**Problem requirements**
Copy out exactly, and only, the lines from the one containing "商品名:ブラウス レース ハイネック きれいめ 上品 通勤" through the end of the entries. No pictures.

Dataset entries
== Segment start ==

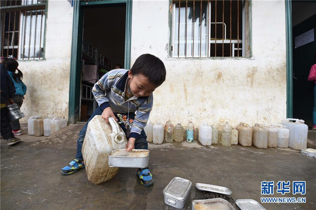 在廣西大化瑤族自治縣板升鄉(xiāng)八好小學(xué),一名學(xué)生喝水桶里的雨水(2014年11月24日攝)。八好小學(xué)有400多名學(xué)生,曾僅有一個不足100立方米的水柜,用于收集儲存樓頂?shù)挠晁?,學(xué)生需定期定量用水。遇到長時間不下雨,學(xué)校需要到鄉(xiāng)政府所在地運水。如今,學(xué)校修建了5個大水柜,并從兩公里外引泉水到校園,飲水難問題得到解決。 新華社記者 黃孝邦 攝
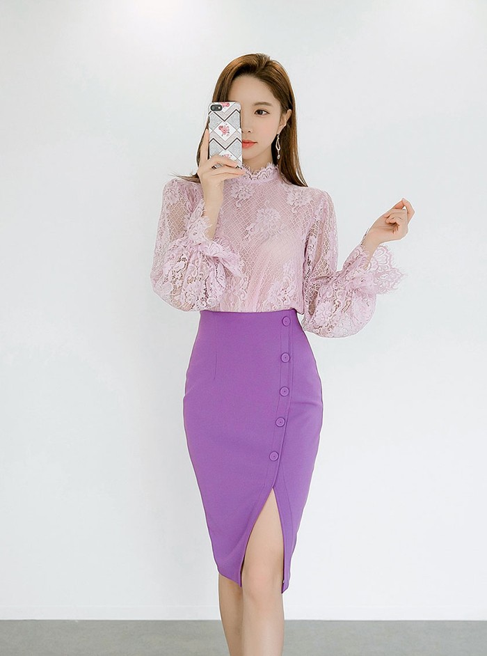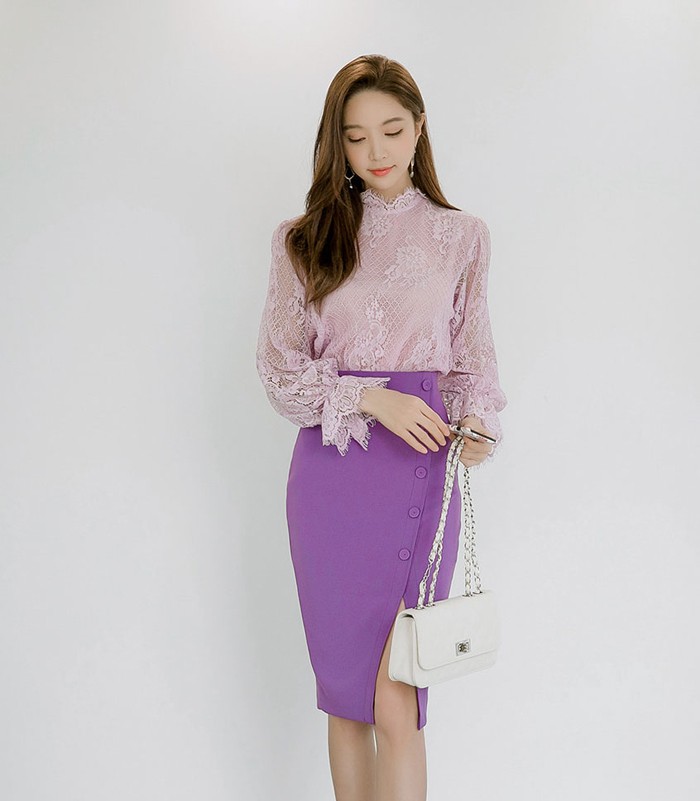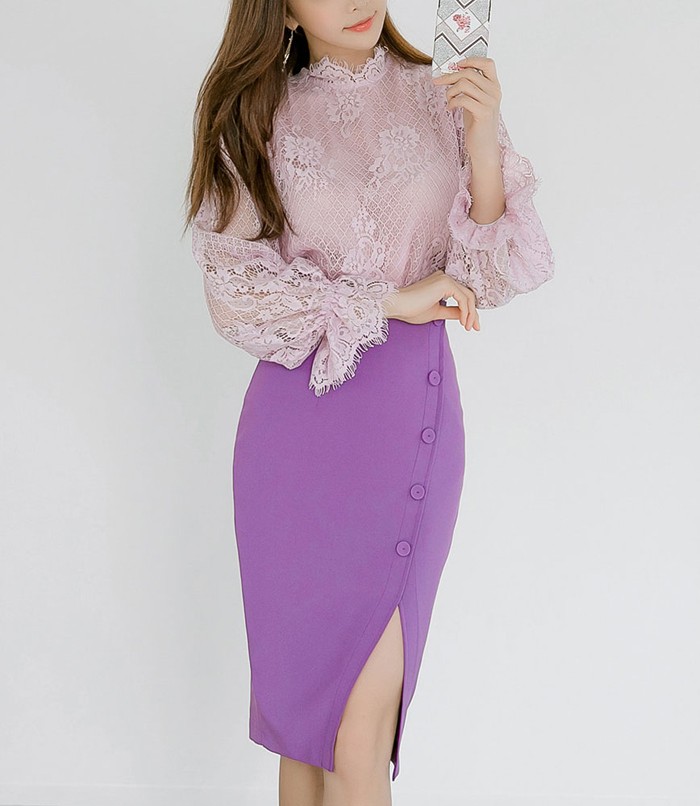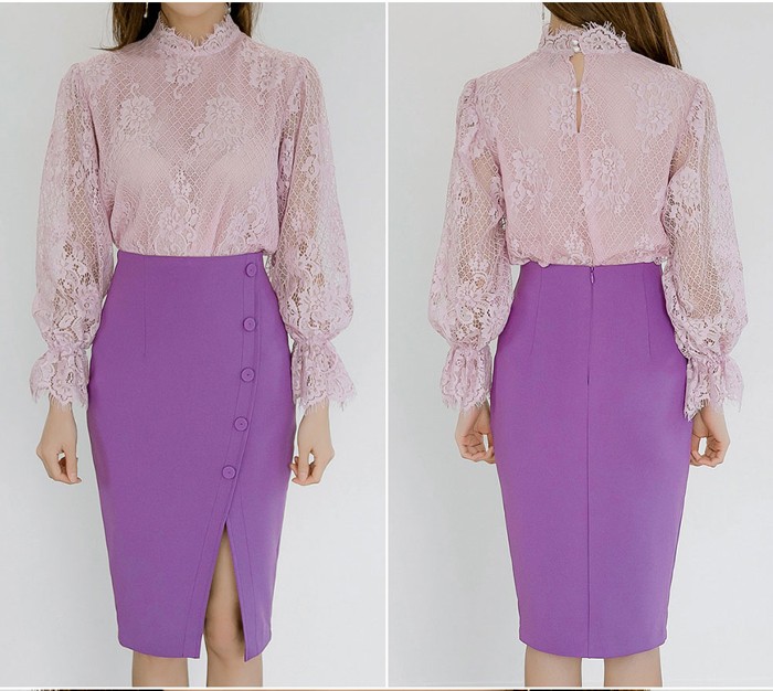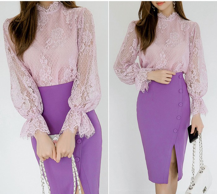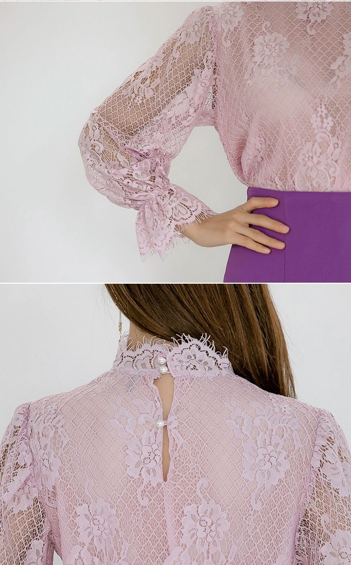 商品名:ブラウス レース ハイネック きれいめ 上品 通勤
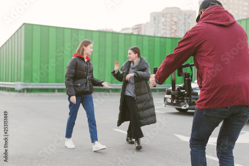 Videographer takes video to the camera with a stabilizer, two girls walk along the street and talk. Cameraman shoots video for bloggers with a professional camera. Creating video. Backstage
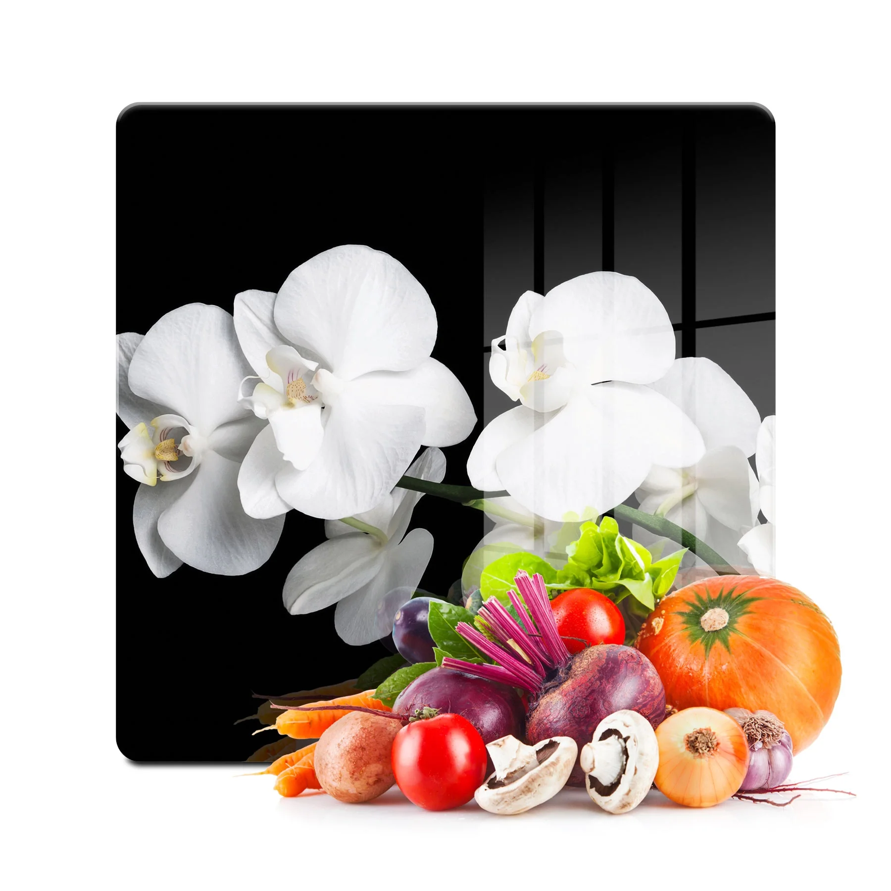 Decovetro Cam Kesme Tahtası ve Sunumluk Kare Orkide Desenli 30x30 Cm
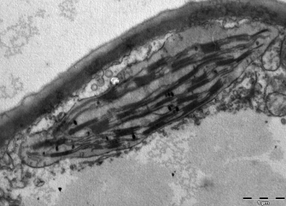 The chloroplast is enclosed by an outer membrane and an inner membrane, with an intermembrane space between them. Within the stroma (which is analogous to the matrix of mitochondion) another membrane enclosed space exists in the form of stacked disks we call gramum. These stacks forum the thylakoid. The space within the membrane is called the thylakoid lumen.
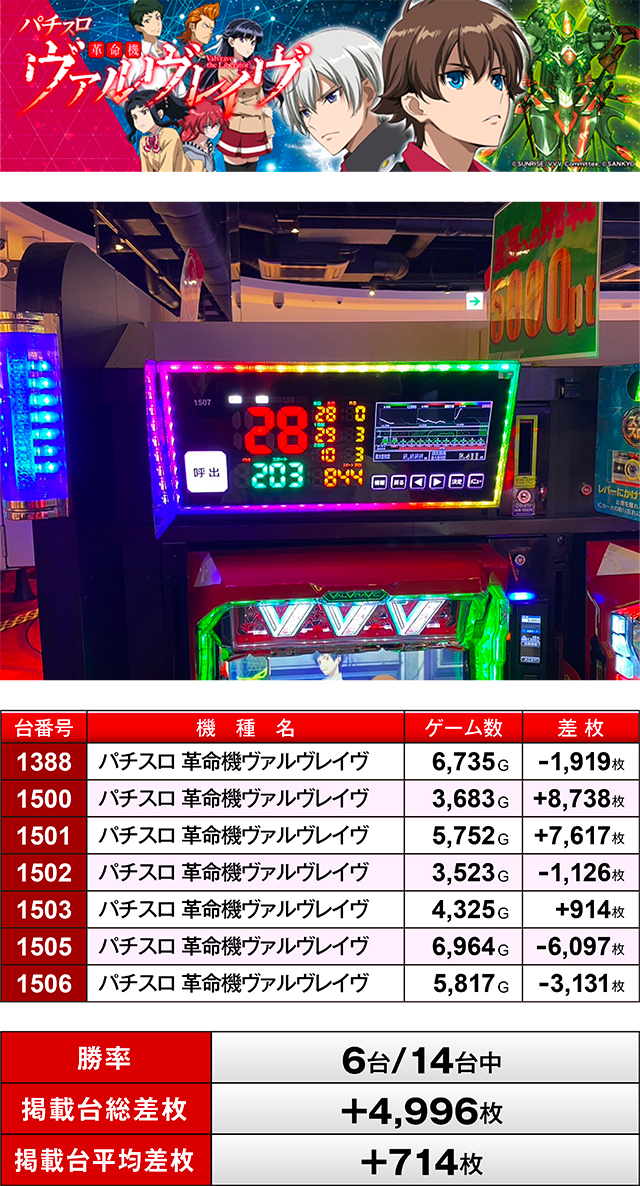 『パチスロ 革命機ヴァルヴレイヴ』も勝率5割を割ってしまったが、それを補って余りあるトンデモ記録も誕生!なんと7,000枚超えが2台も出現した!

== Segment end ==

**Output for this task**
 商品名:ブラウス レース ハイネック きれいめ 上品 通勤
 Videographer takes video to the camera with a stabilizer, two girls walk along the street and talk. Cameraman shoots video for bloggers with a professional camera. Creating video. Backstage
 Decovetro Cam Kesme Tahtası ve Sunumluk Kare Orkide Desenli 30x30 Cm
 The chloroplast is enclosed by an outer membrane and an inner membrane, with an intermembrane space between them. Within the stroma (which is analogous to the matrix of mitochondion) another membrane enclosed space exists in the form of stacked disks we call gramum. These stacks forum the thylakoid. The space within the membrane is called the thylakoid lumen.
 『パチスロ 革命機ヴァルヴレイヴ』も勝率5割を割ってしまったが、それを補って余りあるトンデモ記録も誕生!なんと7,000枚超えが2台も出現した!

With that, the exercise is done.